This sensible and relatively secure arrangement changed in 2020. These large, locked, stand-alone tabulating machines were replaced with high-speed tabulators the approximate size of a desktop printer. Ballots were fed into these tabulators in batches of 50 and then moved to the appropriate metal ballot containers according to the precinct. In a bizarre arrangement that seems to defy logic, instead of these compact new tabulators being deployed on or near the counting board tables, thereby preserving proximity, “chain of custody,” and thus ballot security, they were taken to a location far away from the boards and lined up in a long row. As noted in TCF Timeline:

The tabulation of ballots was done away from the counting boards, thus breaking the chain of custody.

At the end of the day, a counting board team could not sign off on the final number of ballots they had processed since they were no longer in the team’s custody at the end of the shift or day, having been walked batch after batch through the chaos of the room to the tabulators.

The ballots were transported by a single poll worker through a gauntlet of people and tables in a massive, bustling room – over the size of a football field — and with no oversight. These ballot movements were not logged, and the ballots were not signed out. Thus, the chain of custody was broken, and at the end of the count, the poll workers at the counting boards could no longer attest that the ballots never left their custody. GOP challenger Eugene V. Dixon voiced his concern in an affidavit, stating that on Election Day at the TCF, he ……observed that the procedure for tabulating ballots included carrying stacks of 200 ballots to the tabulator area to be fed 50 at a time. Counted ballots would then go into metal bins near the tabulators. At one point, I noticed an election worker carry the metal bin containing tabulated ballots back to where the ballots were being picked up at the table. This would have easily allowed removing tabulated ballots from the container, adding them to the pile of yet-to-be tabulated ballots. When I complained to the supervisor – this practice stopped.

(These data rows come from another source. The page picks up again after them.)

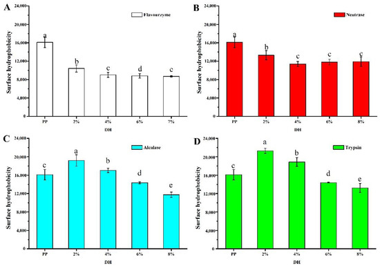 Surface hydrophobicity of PP and PP with different DH. The values reported represent means (n = 3) ± SDs and different superscript letters indicate significant difference (p < 0.05). ((A–D) are flavourzyme, neutrase, alcalase and trypsin treatment, respectively).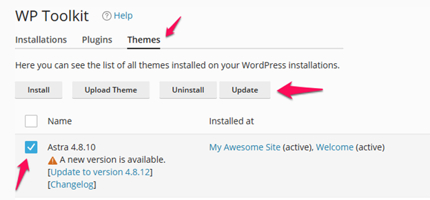 Step4: Select the theme that you wish to update and click update to update the theme version.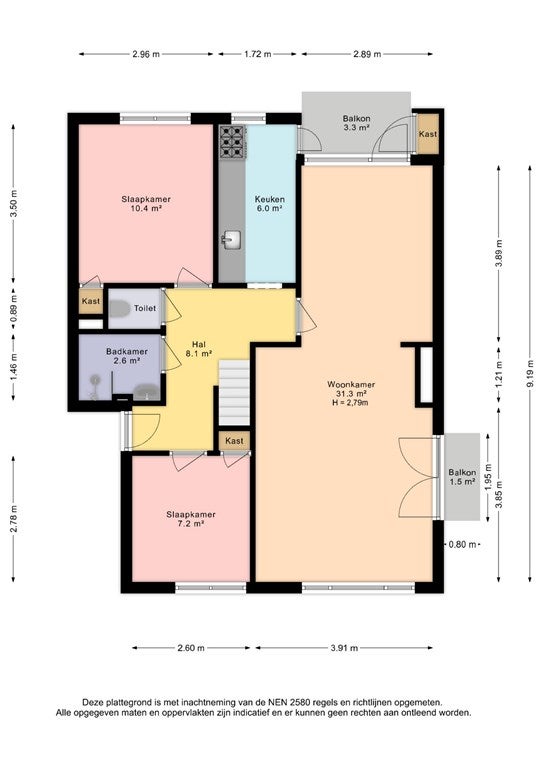 - De portiekflat heeft een woonoppervlakte van 120 m² en beschikt over 5 kamers, waarvan 4 slaapkamers;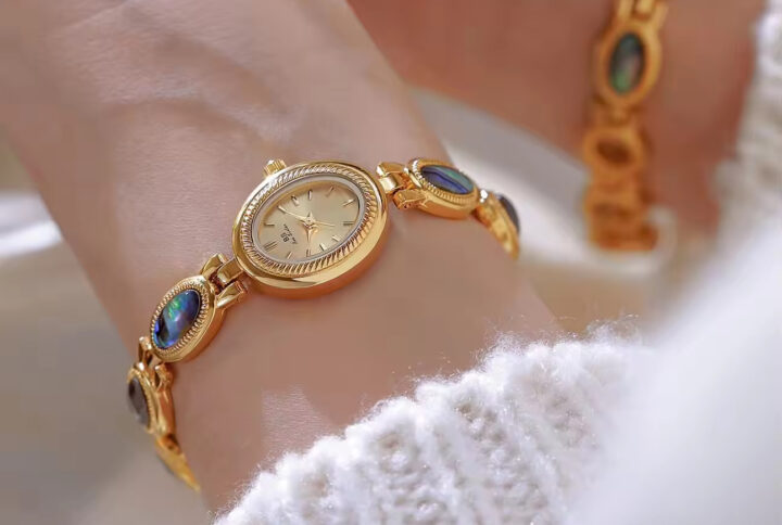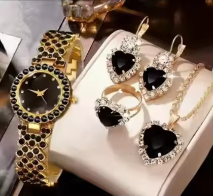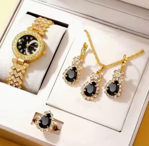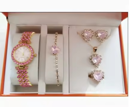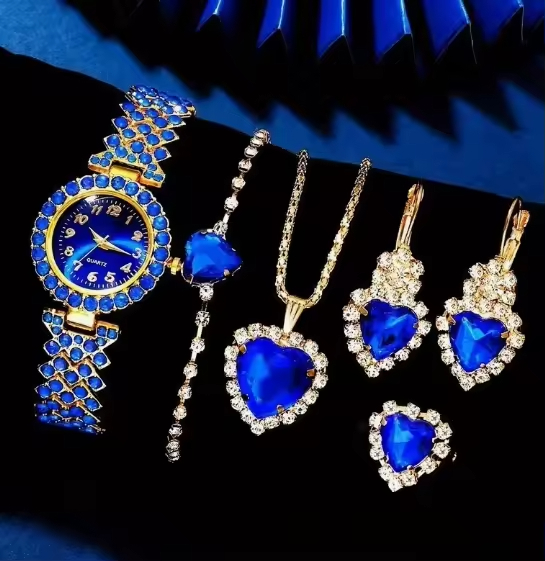 Elegant Women’s Blue Rhinestone Jewelry Set Heart Necklace Jewelry Rhinestone Blue Stone Gold Accents Quartz Watch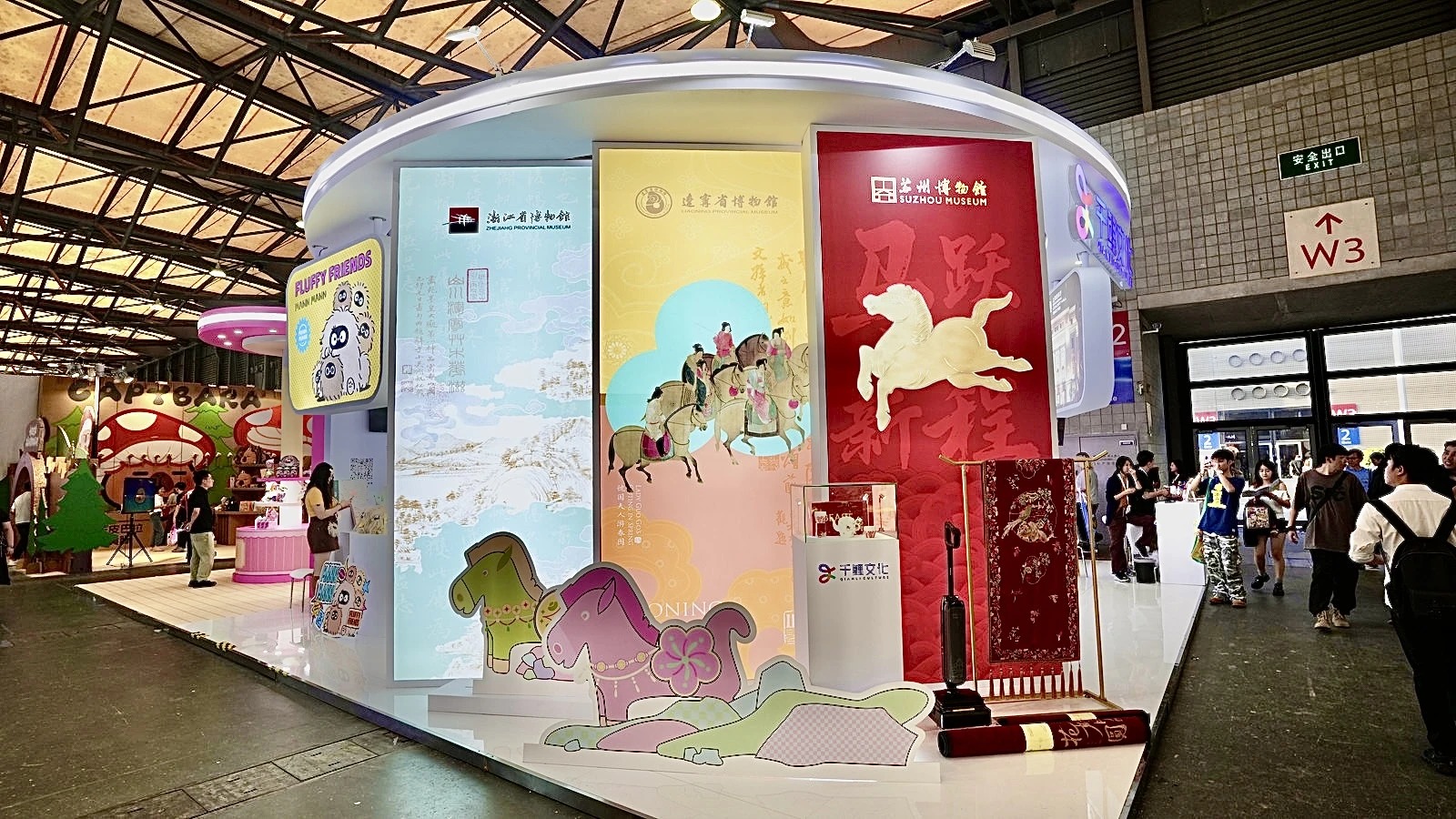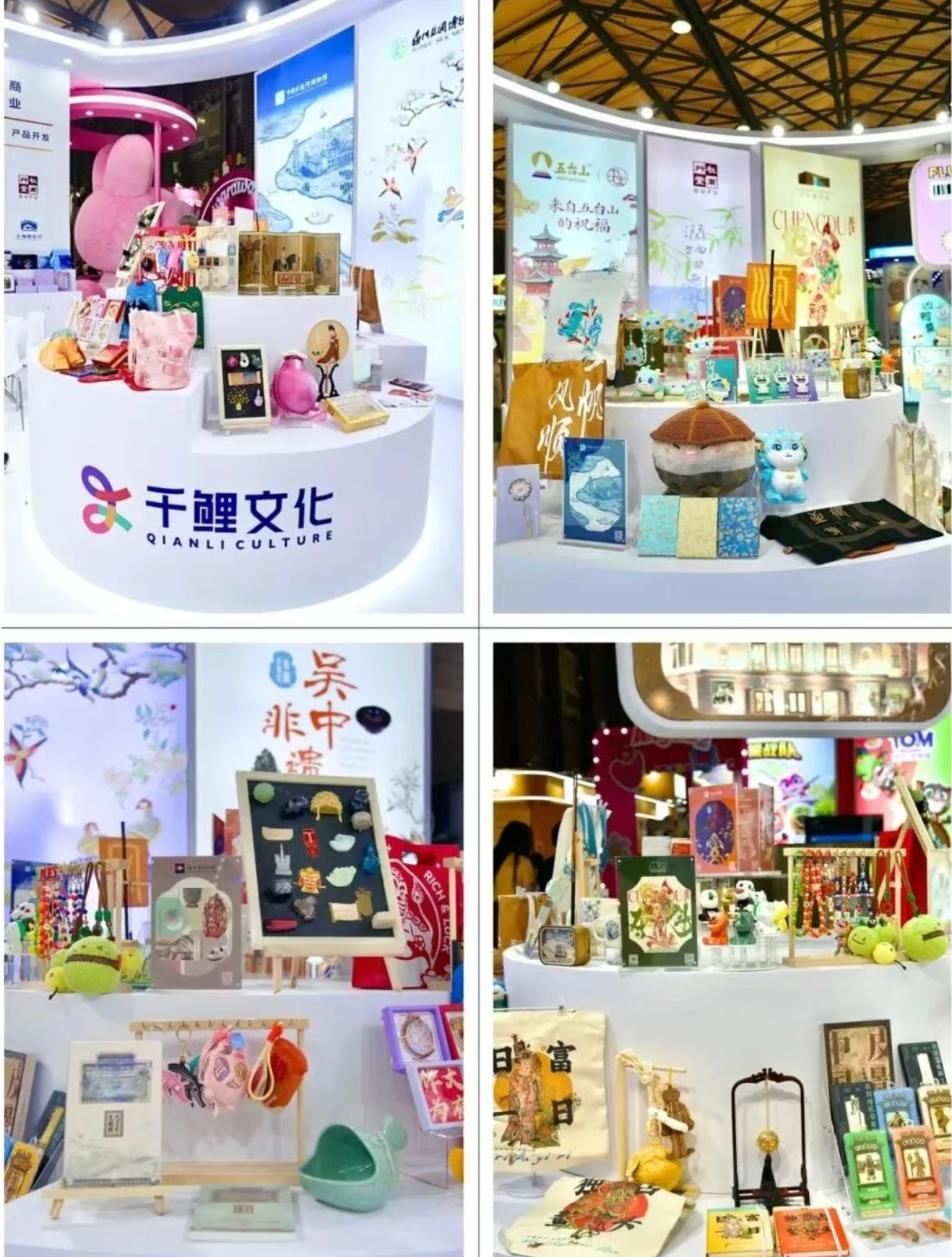 本次展会上,千鲤文化展集中展示了以往成功合作案例,让大家直观感受这些IP在不同领域的商业价值,全方位向大家展示旗下辽宁省博物馆、浙江省博物馆、苏州博物馆、五台山、成都博物馆、上海音乐厅、中国大运河博物馆、苏州丝绸博物馆、吴文化博物馆等千年文明的IP商业魅力。还有治愈系潮流IP鳄里斯和鱼英俊、MannMann等多元IP矩阵,满足了不同领域合作需求。

This new arrangement also contributed to the mixing up of ballots, many of which appear to have been placed in the wrong container following tabulation. For example, in the August 4th, 2020 Detroit Primary election, 72 percent of the precincts were found by the Board of Canvassers to be out of balance – meaning the number of ballots in the ballot transfer cases didn’t match the number of ballots counted by the machines, as reflected in the tabulation computers’ final paper printout. As explained in “TCF Timeline: the 2020 Detroit General Election”:

Tabulation machines were placed at least 7 feet from the rows of metal transfer cases (ballot boxes), where ballots exiting each tabulator would end up following tabulation. GOP challengers were told to stay outside of the row of metal cases. This created a subtle but effective barrier that served to keep most GOP challengers’ prying eyes far from tabulator jams and ballot over-counting. In addition, due to the distance of each transfer case from its respective tabulator, it is likely that ballots were occasionally placed in the wrong transfer cases, thus throwing that precinct “out of balance.” In fact, this was cited as one of the reasons for past Detroit precinct imbalances (over 70% in the August 2020 Primary).

Under Michigan law, this means there can be no hand recount of the ballots in the transfer case, i.e., if the number of ballots in the case does not equal the number listed on the tabulator tape, then the number on the tabulator tape stands. (MCL 168.871:

With a staggering 72 percent of counting boards out of balance (norms throughout the state are in the 1-3 percent range), the Wayne County Board of Canvassers requested assistance from the State of Michigan to sort things out and try to prevent it from happening again. Ultimately, this came in the form of the retired, long-time Director of the Michigan Bureau of Elections, Chris Thomas, who was hired to be City Clerk Janice Winfrey’s Senior Advisor. It is currently not clear whether the new ballot flow arrangement originated from Thomas and/or Special Project Consultant Daniel Baxter, a former Detroit Director of Elections. Regardless, when the Wayne County Board of Canvassers counted the number of ballots in each container and compared the number to the corresponding number of ballots listed on the tabulator tape, Detroit counting boards were once again out of balance by…70 percent.

Former MI Elections Director Chris Thomas (L), Detroit Director of Elections Daniel Baxter (R)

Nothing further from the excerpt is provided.